Ci fu un periodo nei mitici anni 80 in cui tutti si sentivano un po' Paolo Rossi. Un nome comune e un fisico ordinario, la caduta e la rinascita, l'idea che le grandi imprese fossero alla portata di tutti. Paolo Rossi è stato grande non solo per i tre gol al Brasile e il sigillo in finale alla Germania, ma soprattutto per questo. 
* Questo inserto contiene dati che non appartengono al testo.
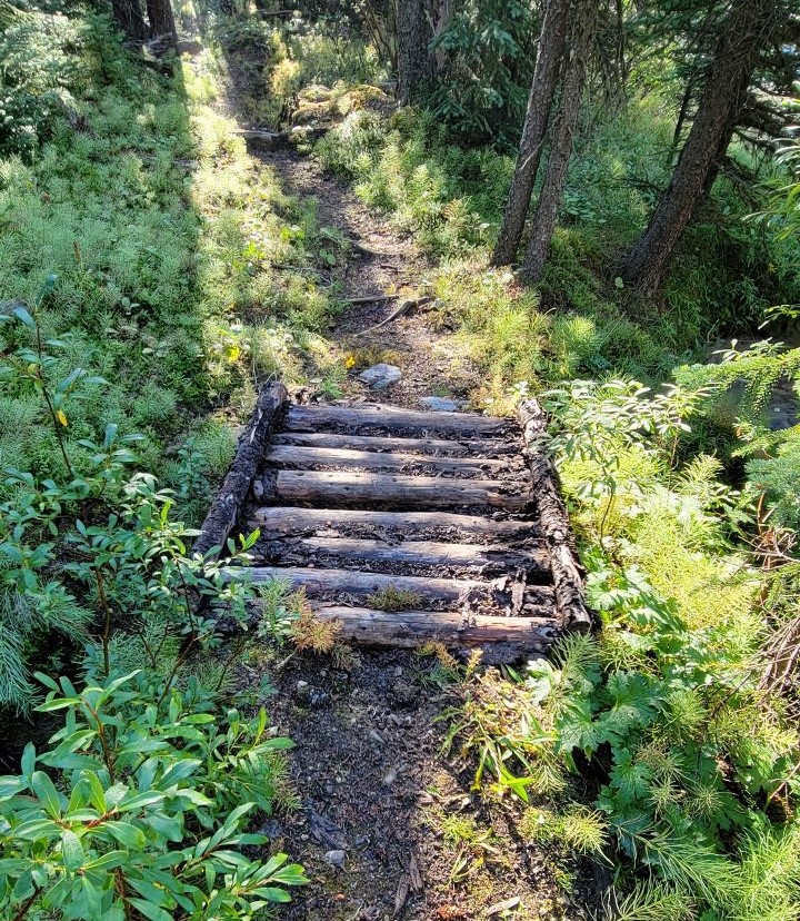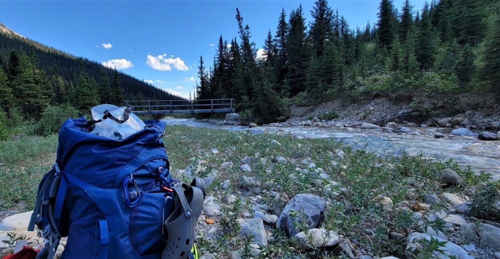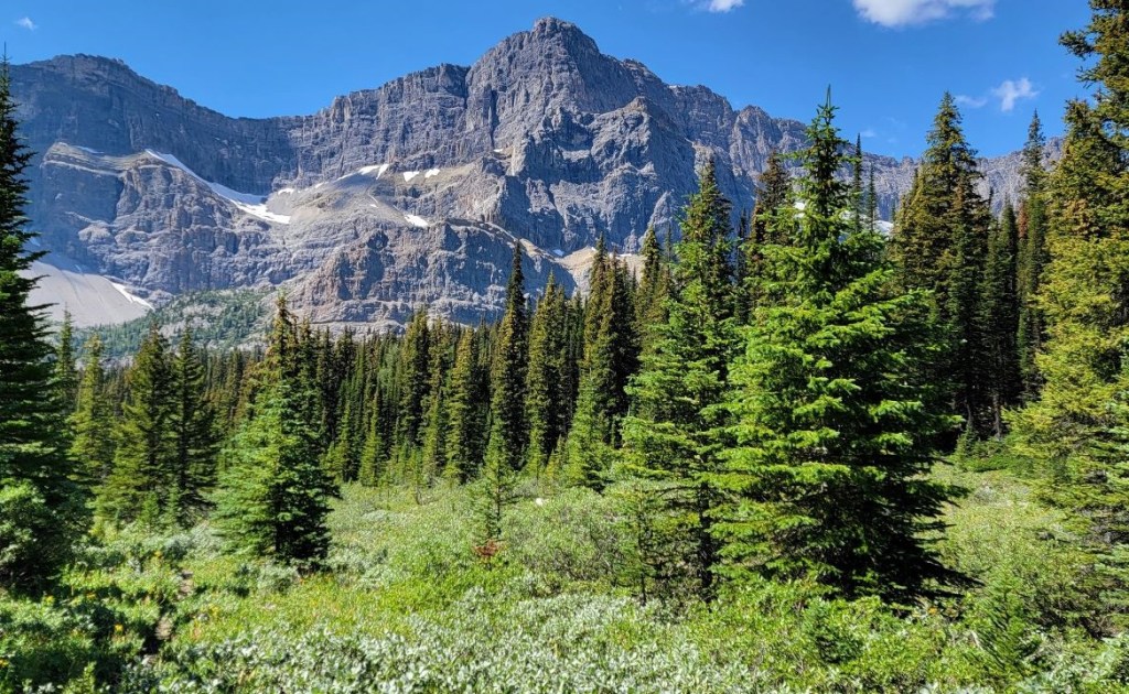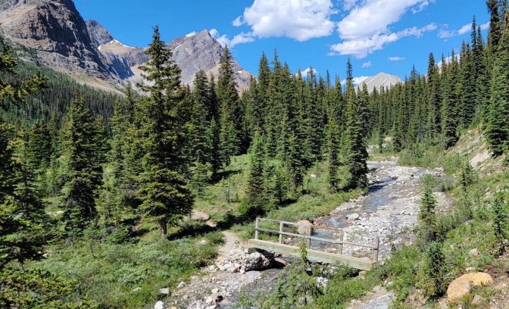 The hike along the Cascade River is about 3.7 km, but it took us longer to traverse due to the washed out trail. We could pick our way along fairly well, but did have to think about several water crossings. Despite the time, I really enjoyed this section. There is just something special about fresh rushing water, especially on a hot day. It’s pretty rare in Alberta, so I enjoyed it immensely.

Non aveva una muscolatura sviluppata, era mingherlino, nel calcio degli atleti super fisicati di oggi ne sono rimasti rarissimi esemplari, ma era il più agile e soprattutto il più furbo di tutti. Paolo Rossi era il più classico rapinatore d'area, cioè uno che per fiuto e istinto naturale intuisce prima degli altri dove spunterà il pallone da una mischia per metterci un piede, uno stinco, la testa, qualsiasi parte del corpo utile per fare gol ed entrare nei tabellini. E poi quel nome comune, quasi banale, diventato unico e iconico, come un timbro, il suo personale marchio: Pablito. Fu Enzo Bearzot a darglielo in Argentina nel 1978, ancora prima di essere consegnato con questo appellativo alla leggenda come eroe del Mundial '82, a cui arrivò dopo due anni di squalifica per il calcio scommesse. 
Un tumore terribile si è portato via l'ex attaccante di Milan, Vicenza e Juventus, che aveva voluto affrontare l'iter terapeutico mantenendo il massimo riserbo sulle sue condizioni di salute, non rinunciando a qualche apparizione televisiva per non rompere il cordone ombelicale che lo legava all'amato mondo del calcio, pur ormai debilitato. Se ne va Paolo Rossi, in questo 2020, che ci costringe a piangere la scomparsa di gente comune, dei nostri cari, di miti le cui gesta non verrano scalfite dallo scorrere del tempo. Perché in fondo Pablito era tutte e tre le cose.